> Data provided
>>>

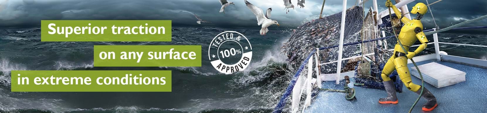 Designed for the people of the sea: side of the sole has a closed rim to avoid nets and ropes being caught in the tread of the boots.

<<<
>>>

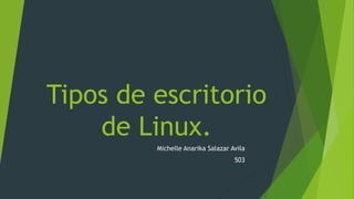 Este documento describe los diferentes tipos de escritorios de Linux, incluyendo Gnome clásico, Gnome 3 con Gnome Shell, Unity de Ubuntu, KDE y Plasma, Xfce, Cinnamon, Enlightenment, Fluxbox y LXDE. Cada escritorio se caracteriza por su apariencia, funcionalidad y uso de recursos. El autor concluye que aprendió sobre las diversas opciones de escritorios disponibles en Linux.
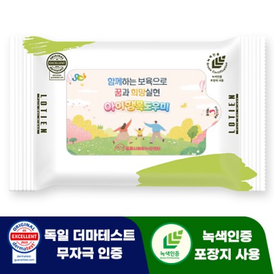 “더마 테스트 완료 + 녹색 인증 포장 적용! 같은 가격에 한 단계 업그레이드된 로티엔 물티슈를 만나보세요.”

<<<
>>>

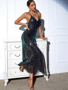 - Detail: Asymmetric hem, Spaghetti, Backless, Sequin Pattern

<<<

> Exercise prompt
From the listing above, please give again the lines that begin with the line holding "Este documento describe" and go on through the line holding "한 단계 업그레이드된", exactly, both ends included, minus any picture.

> Response to the exercise
 Este documento describe los diferentes tipos de escritorios de Linux, incluyendo Gnome clásico, Gnome 3 con Gnome Shell, Unity de Ubuntu, KDE y Plasma, Xfce, Cinnamon, Enlightenment, Fluxbox y LXDE. Cada escritorio se caracteriza por su apariencia, funcionalidad y uso de recursos. El autor concluye que aprendió sobre las diversas opciones de escritorios disponibles en Linux.
 “더마 테스트 완료 + 녹색 인증 포장 적용! 같은 가격에 한 단계 업그레이드된 로티엔 물티슈를 만나보세요.”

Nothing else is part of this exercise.